Almost immediately a gust of hot, smoky wind hit me, filling my lungs. The sky was molten, the glow of fire reflecting in the windows of the houses. I stopped for a moment, almost transfixed by the horror of it, but the planes were so close now, I had to be fast. It was a steep climb back up the garden to the house with David in my arms, and after all that had happened yesterday I was worn out, my muscles ached. There was a cacophony around me. The sound of throbbing engines filled my ears like blood. About halfway across the garden, I saw a figure standing in the doorway to the kitchen. It took my eyes a few seconds to adjust, but it was Elsa and she was shouting something.

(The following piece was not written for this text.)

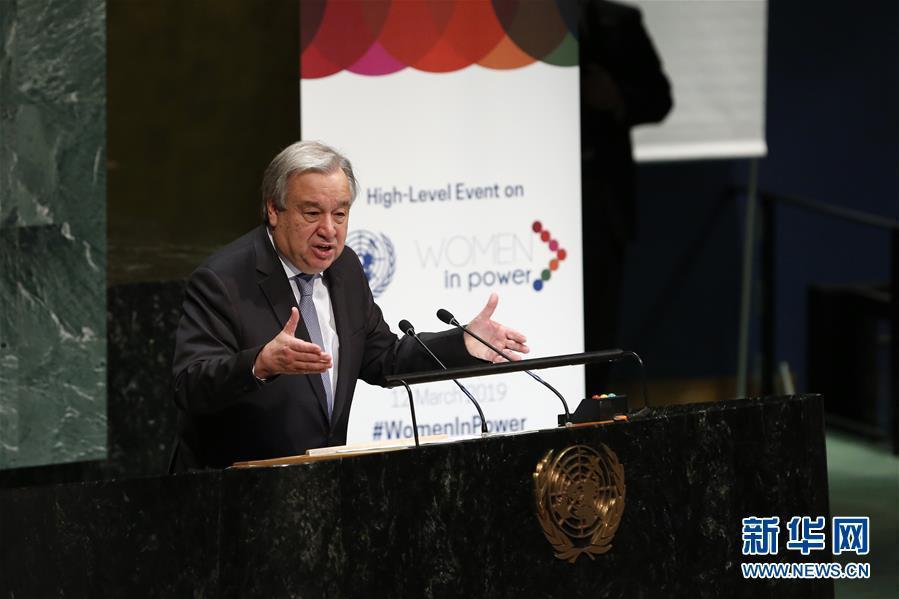 3月12日,联合国大会厅,来自全球的有影响力的女性齐声表示:为实现性别平等,“冲破制约”。图为联合国秘书长古特雷斯在“掌权女性”高级别活动上发言。新华社记者 李木子 摄 图片来源:新华网

I was about to yell that she should go to the cellar, but then I saw her look up and her face distorted into an expression of pure, undiluted terror. She covered her eyes with her hands and fell back into the kitchen as though she couldn’t bear to see what was coming. I looked up too.

And it was the strangest thing.

All of a sudden, everything seemed to stop. The screams, the rumbling, the crashing. It was as though a great peace had descended. There was a blinding light seemingly focused on us from somewhere very high up, as though we had been picked out by a theatrical spotlight. I saw raindrops swirling in the vortex like jewels. I was enraptured, frozen to the spot. Through the light and the whirling rain I was aware of a strange whooshing sensation that seemed to herald something approaching very fast. And I knew. I knew in a second of calm clarity what it was and that it was too late now to do anything. I held the boy close to me and bent over him as though shielding him from a sudden storm.

‘David,’ I whispered. ‘Hold tight, son.’

I’d been told that the survivors of the London Blitz had a saying: you don’t hear the bomb that’s coming for you. I was surprised, in those luminous seconds, to discover it was true.